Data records
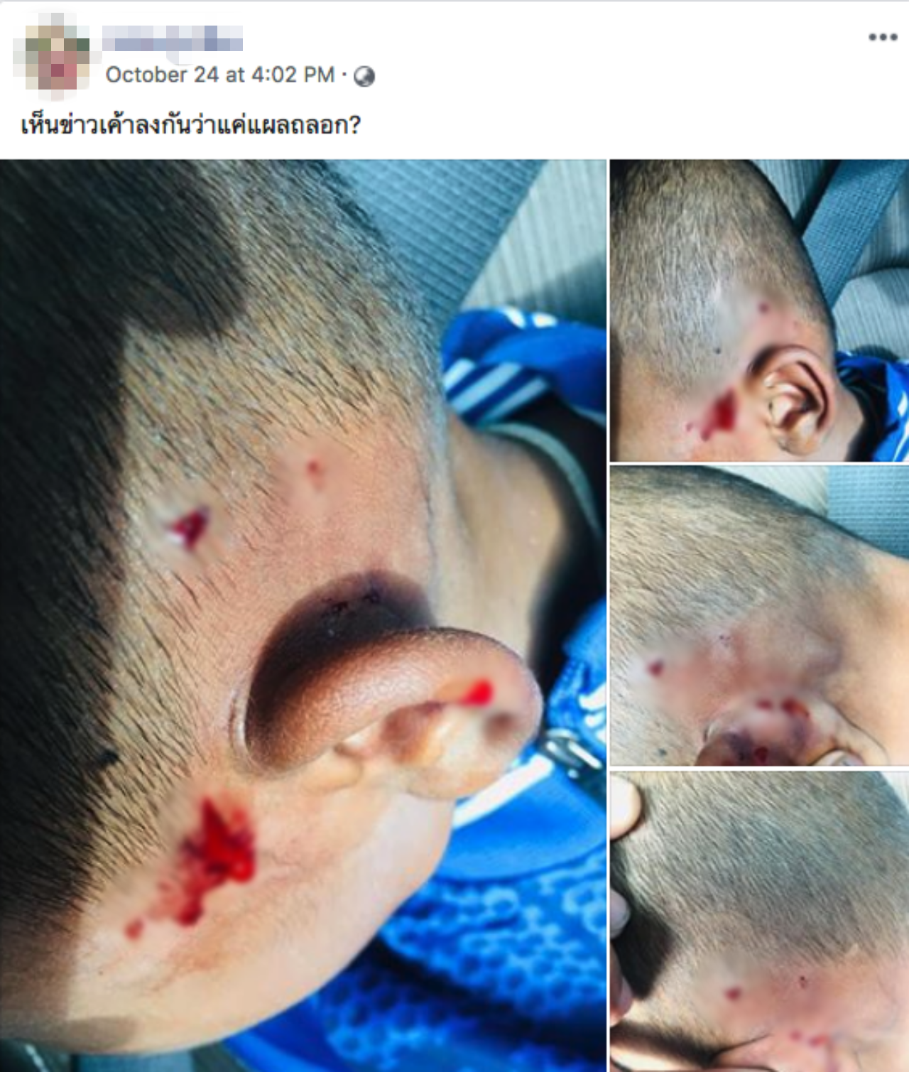 ล่าสุด จากการตรวจสอบเฟซบุ๊กของพ่อเลี้ยงรายนี้ พบว่าเมื่อวันที่ 24 ต.ค. 61 ที่ผ่านมา ได้โพสต์ภาพบาดแผลจากคมเขี้ยวหลังลูกชายถูกสุนัขกัดบริเวณศีรษะและกกหู ให้ดูว่าไม่ใช่เพียงแค่แผลถลอกอย่างที่เป็นข่าว พร้อมกันนี้เจ้าตัวยังได้โพสต์ภาพถ่ายคู่สุนัขที่ถูกทำร้ายจนตาย และระบุข้อความว่า
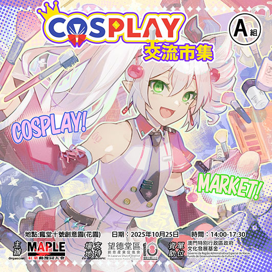 【特訊】Cosplay交流市集2025將於2025年10月25日(六)下午二時至五時三十分假瘋堂10號創意園舉行,活動由紅葉動漫同人會主辦,資助單位為澳門特別行政區政府文化發展基金。
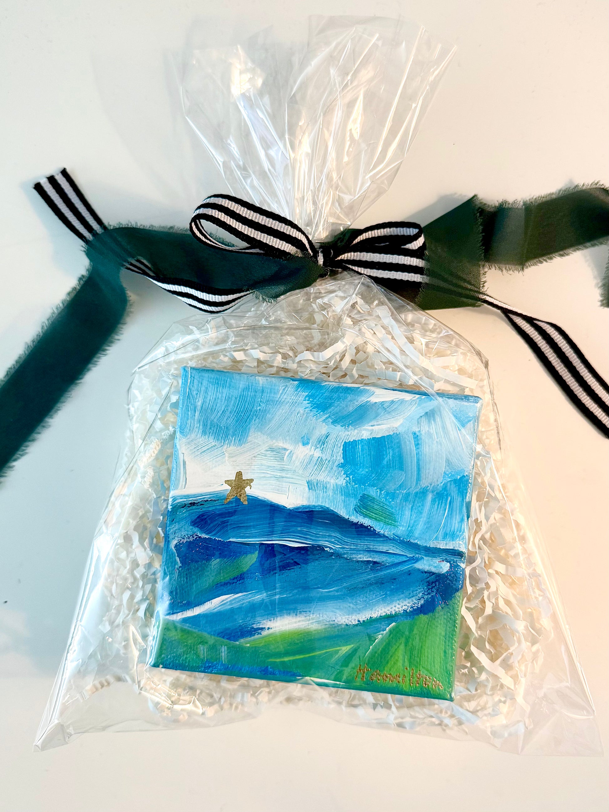 Giftable little shelfie of the iconic Mill Mountain Star in Roanoke Virginia! A 4” x 4” original painting stretched canvas with metallic gold star accent. Unframed.
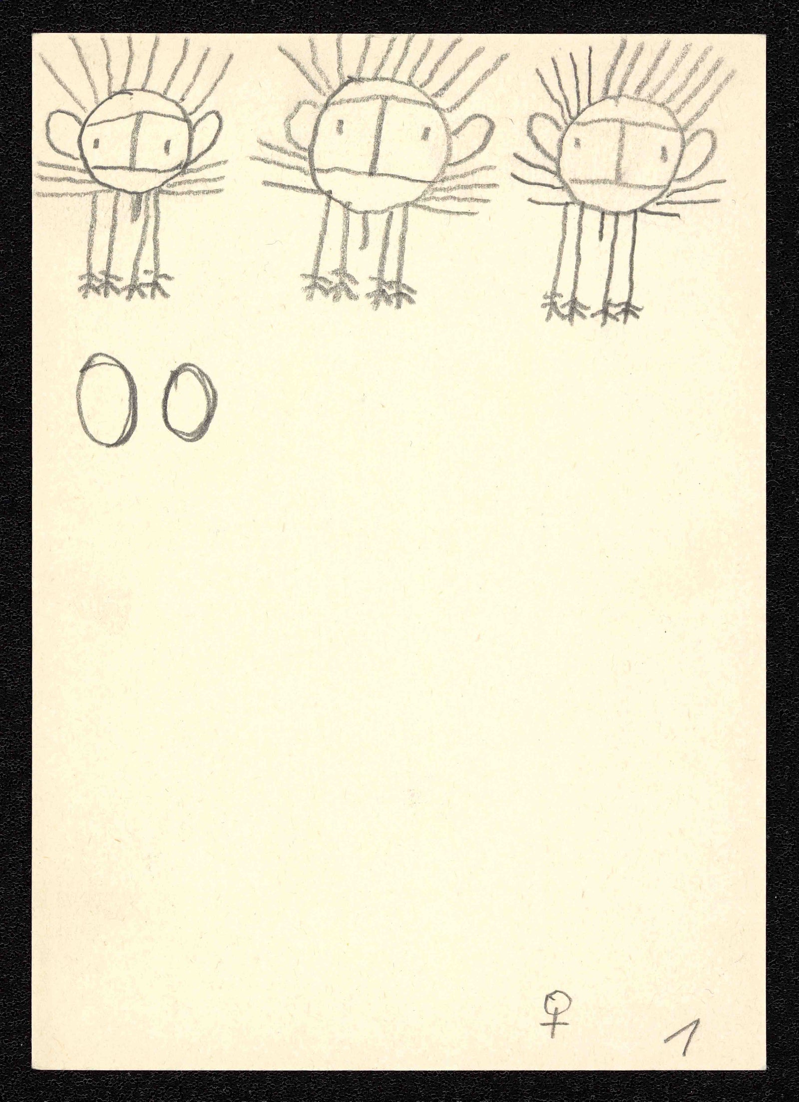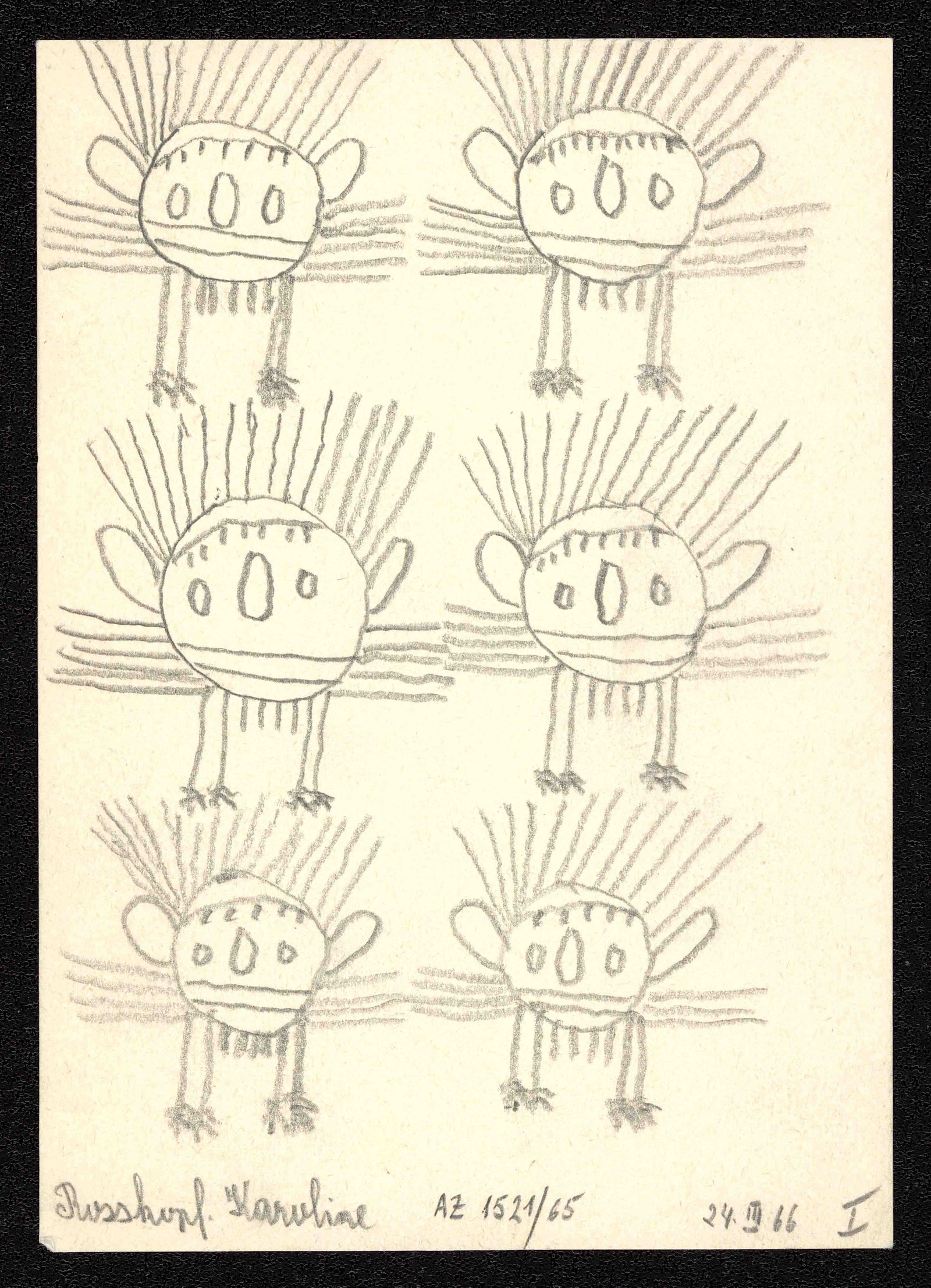 Karoline Rosskopf was born in 1911 in Austria (time of death unknown) and left only a small oeuvre of depictions of cephalophods and cat people behind. With a clear stroke, the largely unknown illustrator created simple-looking illustrations of great charisma. These are so impressive and independent that her works can be found in the Collection de l’Art Brut, Switzerland, the Lentos Art Museum, Austria, and in the Hannah Rieger Collection, Austria.
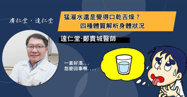 猛灌水還是覺得口乾舌燥?四種體質解析身體狀況-鄭貴城醫師 內科, 鄭貴城醫師By 站長2020 年 11 月 20 日不知道為什麼,總是無時無刻都感覺口渴,明明就已經喝很多水了,口乾舌燥的狀況還是停不下來?甚至早上起床時,喉嚨也…
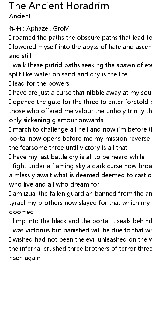 | I march to challenge all hell and now i'm before the last seal the red misty portal now opens before me my mission reverse what i've done and face the three the fearsome three until victory is all that | |
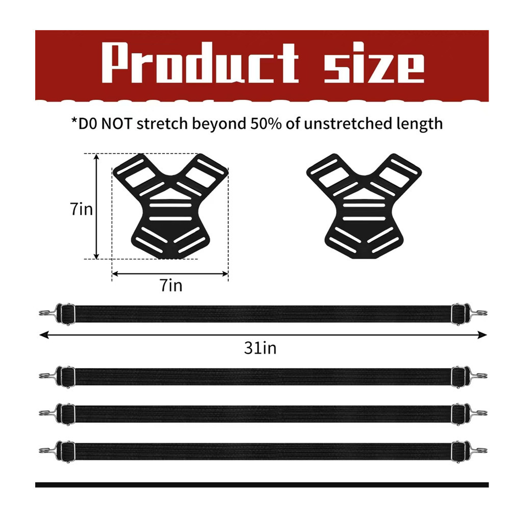후크 조절 가능한 넥타이 탄성 로프 번지 벨트 자전거 랙 고정 벨트가있는 4 방향 평면 탄성 로프
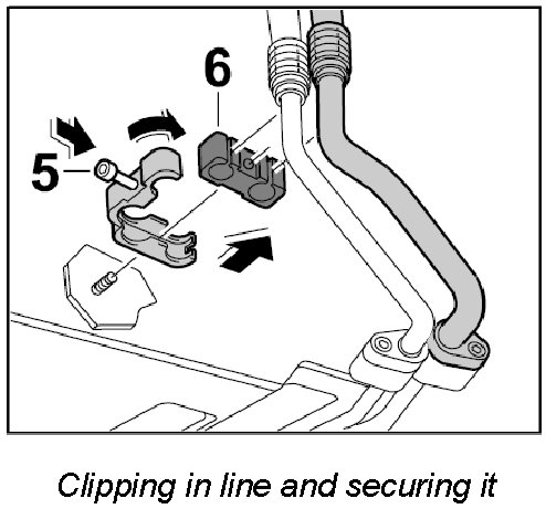 4. Insert line in underbody area into rubber mount -6-, close support and secure with fastening nut -5-.
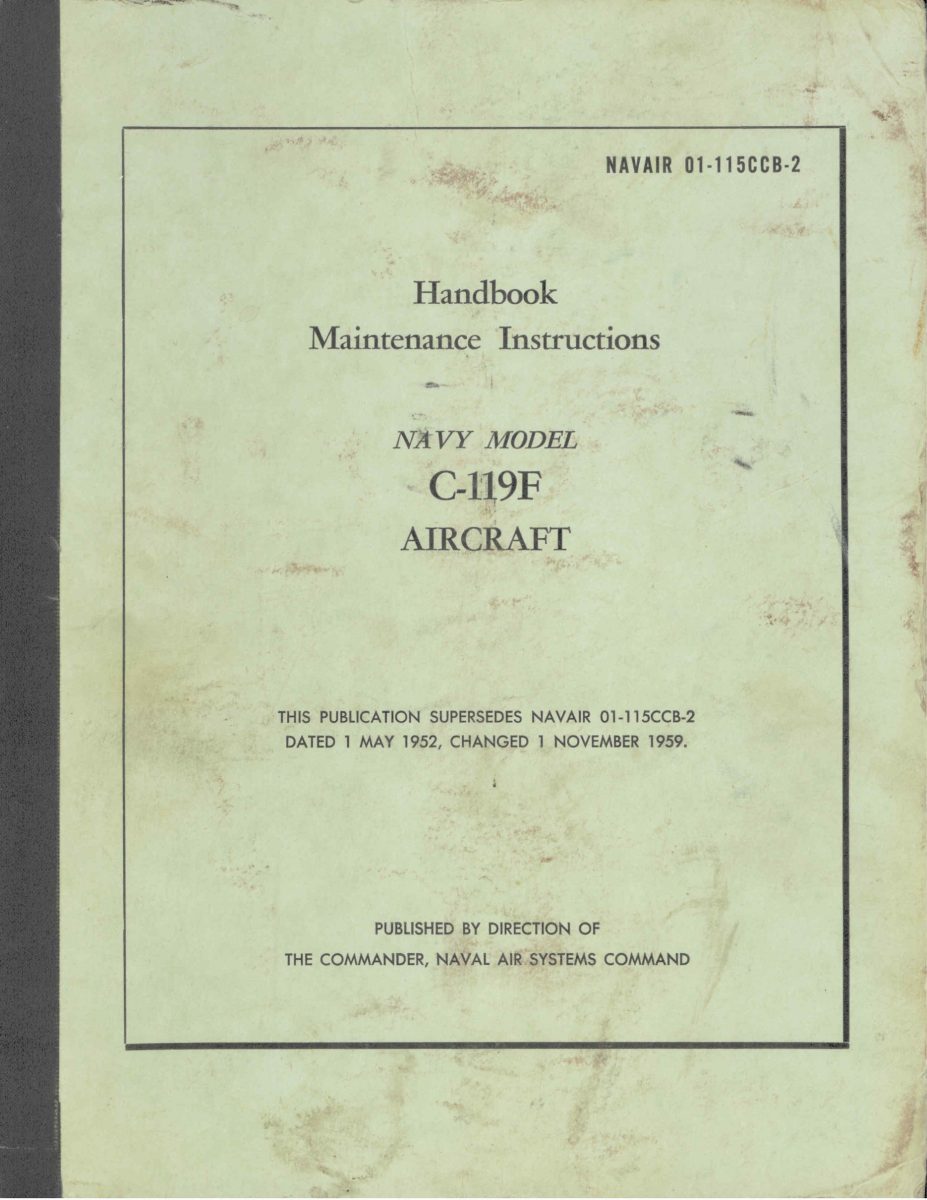 - US Navy Handbook of Maintenance Instructions for the C-119F (the post 1962 designation of the R4Q-1), NAVAIR 01-115CCB-2 dated 15 May 1968 with approx. 760 pages.

-- WHAT IS BEING ASKED --
Reproduce every line above exactly as written, omitting the images.

-- OUTPUT --
 ล่าสุด จากการตรวจสอบเฟซบุ๊กของพ่อเลี้ยงรายนี้ พบว่าเมื่อวันที่ 24 ต.ค. 61 ที่ผ่านมา ได้โพสต์ภาพบาดแผลจากคมเขี้ยวหลังลูกชายถูกสุนัขกัดบริเวณศีรษะและกกหู ให้ดูว่าไม่ใช่เพียงแค่แผลถลอกอย่างที่เป็นข่าว พร้อมกันนี้เจ้าตัวยังได้โพสต์ภาพถ่ายคู่สุนัขที่ถูกทำร้ายจนตาย และระบุข้อความว่า
 【特訊】Cosplay交流市集2025將於2025年10月25日(六)下午二時至五時三十分假瘋堂10號創意園舉行,活動由紅葉動漫同人會主辦,資助單位為澳門特別行政區政府文化發展基金。
 Giftable little shelfie of the iconic Mill Mountain Star in Roanoke Virginia! A 4” x 4” original painting stretched canvas with metallic gold star accent. Unframed.
 Karoline Rosskopf was born in 1911 in Austria (time of death unknown) and left only a small oeuvre of depictions of cephalophods and cat people behind. With a clear stroke, the largely unknown illustrator created simple-looking illustrations of great charisma. These are so impressive and independent that her works can be found in the Collection de l’Art Brut, Switzerland, the Lentos Art Museum, Austria, and in the Hannah Rieger Collection, Austria.
 猛灌水還是覺得口乾舌燥?四種體質解析身體狀況-鄭貴城醫師 內科, 鄭貴城醫師By 站長2020 年 11 月 20 日不知道為什麼,總是無時無刻都感覺口渴,明明就已經喝很多水了,口乾舌燥的狀況還是停不下來?甚至早上起床時,喉嚨也…
 | I march to challenge all hell and now i'm before the last seal the red misty portal now opens before me my mission reverse what i've done and face the three the fearsome three until victory is all that | |
후크 조절 가능한 넥타이 탄성 로프 번지 벨트 자전거 랙 고정 벨트가있는 4 방향 평면 탄성 로프
 4. Insert line in underbody area into rubber mount -6-, close support and secure with fastening nut -5-.
 - US Navy Handbook of Maintenance Instructions for the C-119F (the post 1962 designation of the R4Q-1), NAVAIR 01-115CCB-2 dated 15 May 1968 with approx. 760 pages.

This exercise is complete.